◆ Available data ◆
↓↓↓

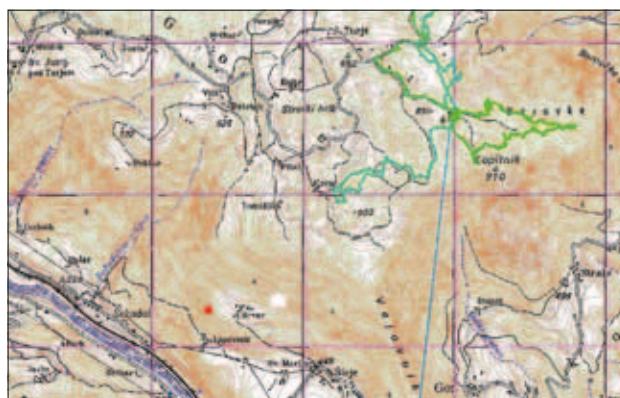
Slika 3: Približna lokacija najdene pogrešane osebe Figure 3: Approximate location of the found missing person.

gozdu našel truplo, za katero je bilo pozneje ugotovljeno, da gre za pogrešanega. Truplo je bilo najdeno približno sedem kilometrov od kraja pogrešanja.
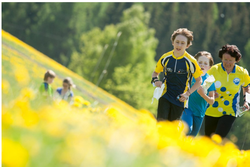
Zábava od žáků až po veterány.

Orienták je sport pro všechny generace, věkovým rozpětím 0-80+ se moc sportů chlubit nemůže. Začínají už malí špuntí, kteří sotva jdou - v kategorii HDR (dítě s doprovodem) můžeš spatřit i miminka v šátku na hrudi hrdého rodiče, které tímto způsobem absolvují svůj první závod. Veteráni (Masters), kterých je v jiných sportovních odvětvích relativně málo, tvoří v orientáku značnou část aktivních závodníků a komunity. Přátelství, které je po léta pojí, poznáš zejména v cíli, kdy i desítky minut diskutují o ideálním postupu mezi kontrolami.

↑↑↑

◆ Activity ◆
Beginning with the line that holds "gozdu našel truplo, za", output each line to the end of the material above, exactly, omitting the pictures.

◆ Solved problem ◆
gozdu našel truplo, za katero je bilo pozneje ugotovljeno, da gre za pogrešanega. Truplo je bilo najdeno približno sedem kilometrov od kraja pogrešanja.
Zábava od žáků až po veterány.

Orienták je sport pro všechny generace, věkovým rozpětím 0-80+ se moc sportů chlubit nemůže. Začínají už malí špuntí, kteří sotva jdou - v kategorii HDR (dítě s doprovodem) můžeš spatřit i miminka v šátku na hrudi hrdého rodiče, které tímto způsobem absolvují svůj první závod. Veteráni (Masters), kterých je v jiných sportovních odvětvích relativně málo, tvoří v orientáku značnou část aktivních závodníků a komunity. Přátelství, které je po léta pojí, poznáš zejména v cíli, kdy i desítky minut diskutují o ideálním postupu mezi kontrolami.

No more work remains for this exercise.